Activity: Pictures stay out of the copy; set down each line of the listing below exactly.

Information shown:
|---|

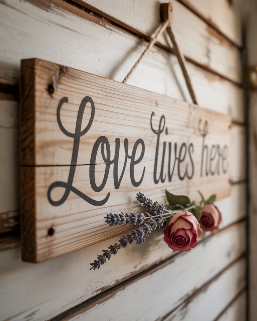 Country wall signs with Valentine’s sayings like “Love Lives Here” or “Be Mine” can bring farmhouse character into any room. Whether bought at Walmart or made as DIY crafts, they add personality. A friend of mine used reclaimed wood for hers, and it instantly became the conversation piece in her living room. These signs mix farmhouse humor with holiday charm.
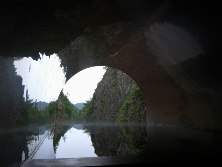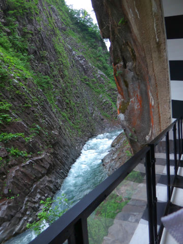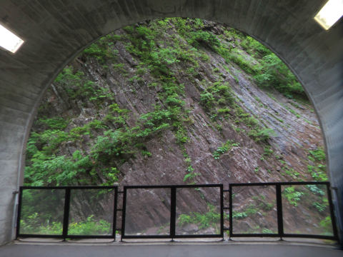 眼下には清津川の急流、トンネル自体はこの川に並行して彫られていて、奥に向かって登ってゆく感じです。
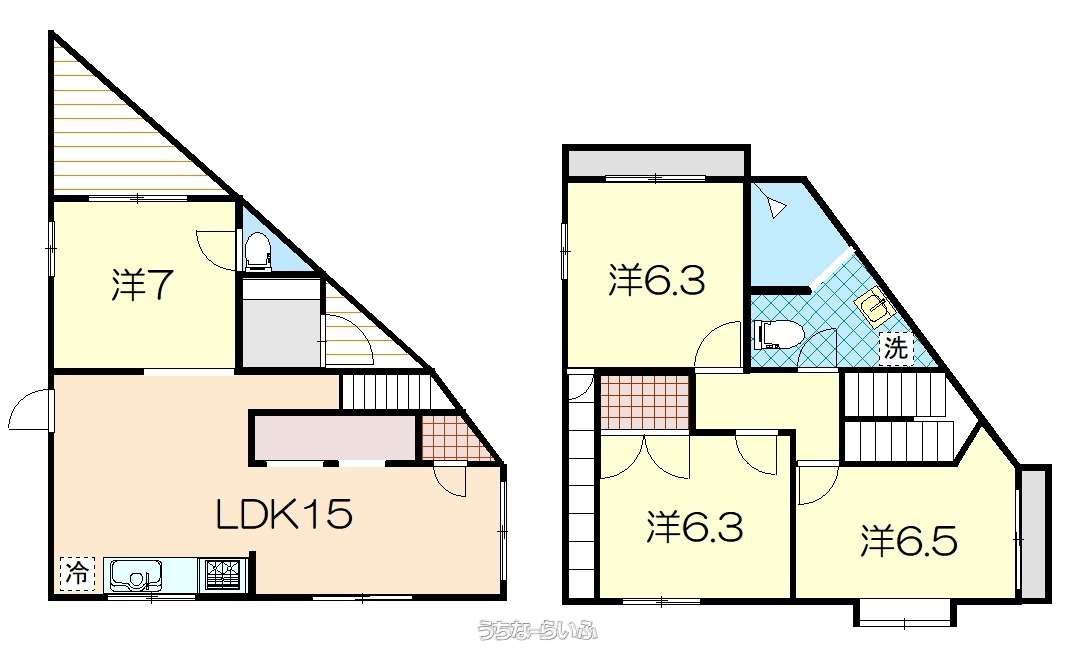 | 間取り | 4LDK ( 洋7 洋6.5 洋6.3 洋6.3 LDK15 ※トイレ2か所(1F/2F) ) | ||
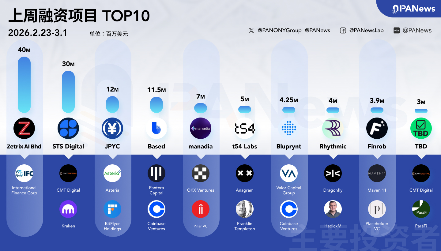 据 PANews 不完全统计,上周(2.23-3.1)全球区块链有15起投融资事件,资金总规模超1.29亿美元,概览如下概览如下:

|---|

Response to this exercise:
 Country wall signs with Valentine’s sayings like “Love Lives Here” or “Be Mine” can bring farmhouse character into any room. Whether bought at Walmart or made as DIY crafts, they add personality. A friend of mine used reclaimed wood for hers, and it instantly became the conversation piece in her living room. These signs mix farmhouse humor with holiday charm.
 眼下には清津川の急流、トンネル自体はこの川に並行して彫られていて、奥に向かって登ってゆく感じです。
 | 間取り | 4LDK ( 洋7 洋6.5 洋6.3 洋6.3 LDK15 ※トイレ2か所(1F/2F) ) | ||
 据 PANews 不完全统计,上周(2.23-3.1)全球区块链有15起投融资事件,资金总规模超1.29亿美元,概览如下概览如下:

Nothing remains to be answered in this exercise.